First, lets think about who will use abbreviations and why they need
them, second, think about where the information could come from.
Situations where expansions of abbreviations are needed:
1) People unfamiliar with the topic being discussed. This can happen
if you click a link to an anchor half-way down a page and miss the
introduction, or you are reading about a topic new to you. It should
not be required that the user screw around looking for the acronym
with a dotted underline. This would be terrible for users of non-
visual UAs or UAs that don't differentiate abbrs from normal text.
2) Documents that exist as both a single page, and as multiple pages
(like large web specifications). Should the expansion occur once per
file? That would require additionally marking up every abbr at it's
first occurrence on a page when splitting the single-page version.
3) Documents that use the same acronym to mean different things in
For example, take that both <abbr title="United States of
America">USA</abbr> and <abbr title="United Space Alliance">USA</abbr>
previously occurred in the document, and you *don't* want, as an
author, for every future use of either term to be expanded by default
(so will not provide titles for all occurrences). I then jump into the
middle of a page from somewhere else and see "The USA's fleet of Space
Shuttles are refurbished by USA, LLC." and wonder what's going on!
There's no way to tell which is which without heuristical analysis of
the language, so the UA can't auto-expand based on a single previous
occurrence, which I think is the behaviour you were expecting by
disallowing abbrs without titles and removing the referencing.
4) Documents where the acronym and an identically spelled word appear.
For example your current system would *require ambiguity* in the
admittedly somewhat unlikely newspaper headline:
<h1><abbr title="British American Racing">BAR</abbr> RAISE THE BAR IN
Is the second BAR an acronym, which is prohibited from being marked
up, or not?No way to tell without heuristical analysis of the
language. Certainly not something most UAs will be doing, even for
English. What hope would Nahuatl have?
At least with <abbr>BAR</abbr> you can tell that it *is* an
abbreviation, and can go look for the reference. Telling when a word
that's not marked up is or isn't an acronym (so deciding if the UA
should provide an expansion) is much harder.

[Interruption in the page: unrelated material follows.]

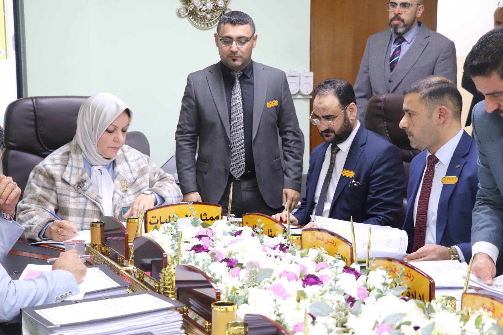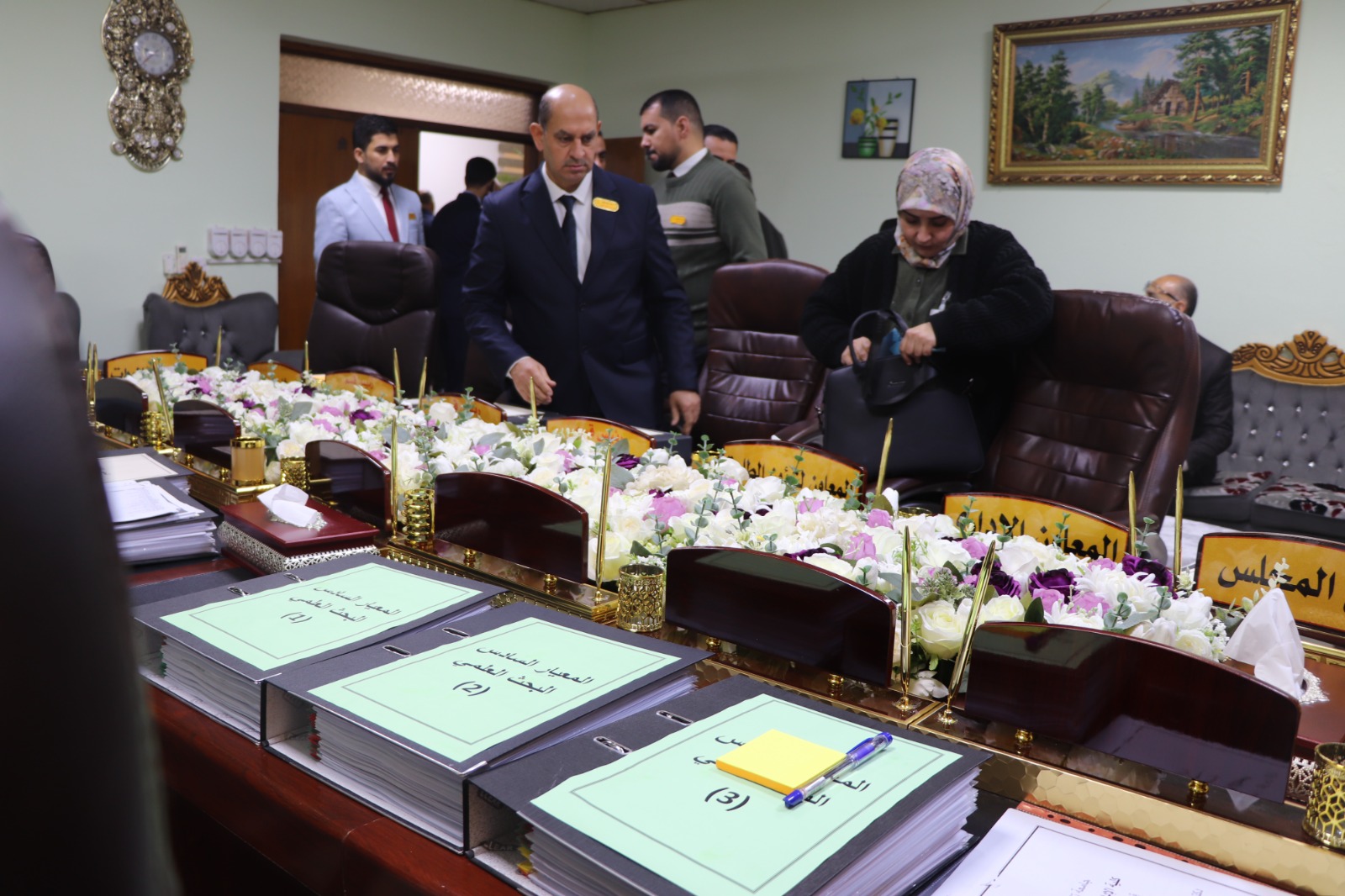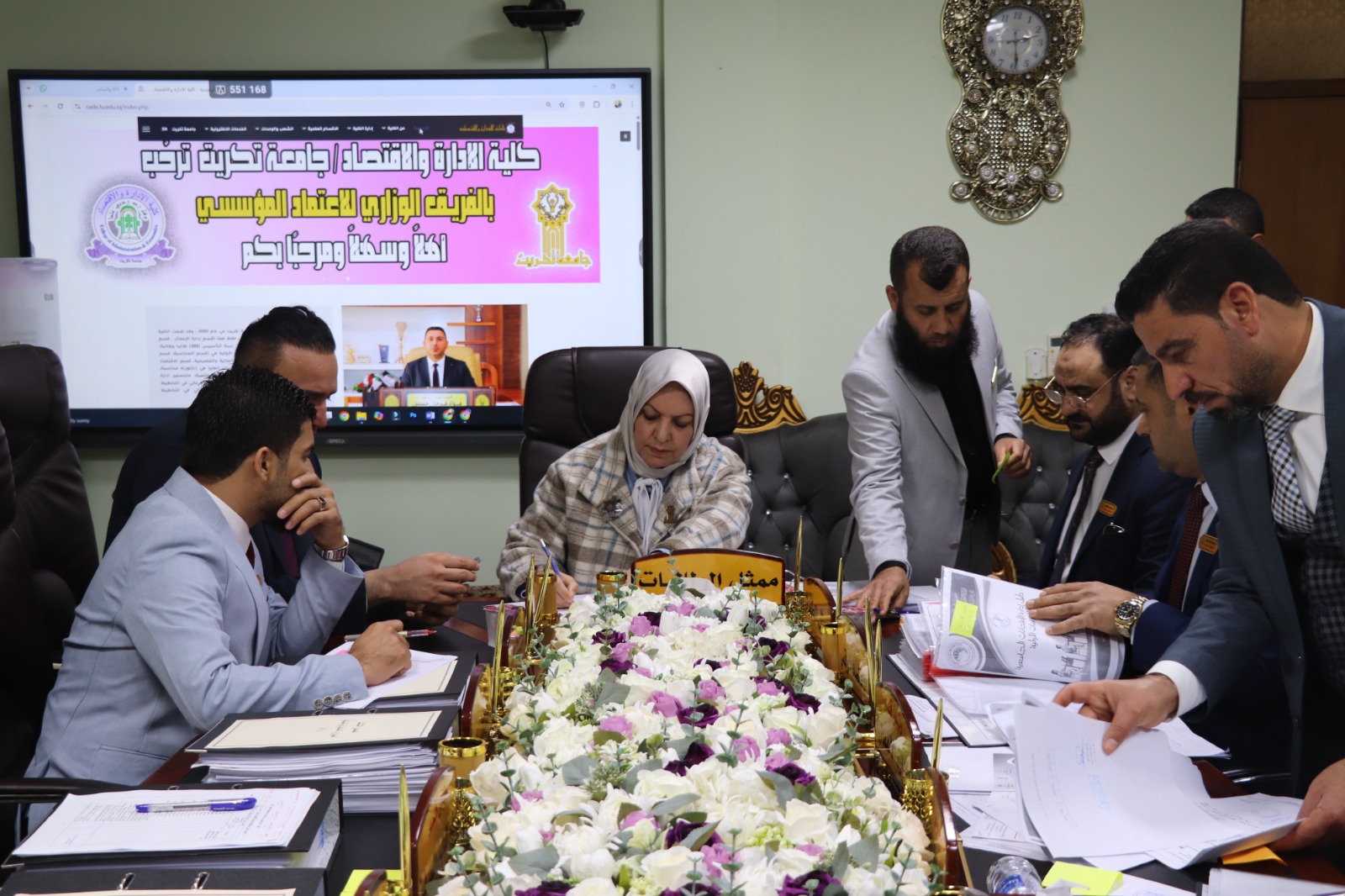 وكان في استقبال الفريق الوزاري الأستاذ المساعد الدكتور فؤاد فرحان حسين عميد كلية الإدارة والاقتصاد، ومعاونوه، إضافة إلى اللجان المختصة المكلفة بمتابعة متطلبات ومعايير الاعتماد لكل محور.

Ideally users need to have on-demand expansion of any abbreviation
they come across, in any situation, regardless of how competent the
HTML author was. Erroneous expansion of non-abbreviations that match a
previously defined abbreviation is I think the hardest thing to avoid.
Where should these expansions come from? The following fallback list
1) Inline with @title, the way it's currently done.
2) By referencing, either automatically by the UA or explicitly marked
up, an expanded occurrence of the acronym.
3) Glossary file in <link> tag, which the UA can apply if unambiguous
or could be referenced by markup. Not currently a feature of any UA.
4) User's application- or system-wide lexicon file, containing terms
in that user's field of occupation. On the Mac OS this is located
under VoiceOver Utility→Speech→Pronunciation.
5) Lexicon of the synthesiser, if one is being used.
You are prohibiting (2) from being used, with the following
a) Documents will either mark up every acronym with an <abbr title=…
> tag—user agents that expand these by default (primarily aural as I
understand it) will appear very verbose—or,
b) Documents will only mark up the first occurrence. UAs that do not
process subsequent occurrences of the abbreviation (currently all of
them), will suffer from lack of definitions.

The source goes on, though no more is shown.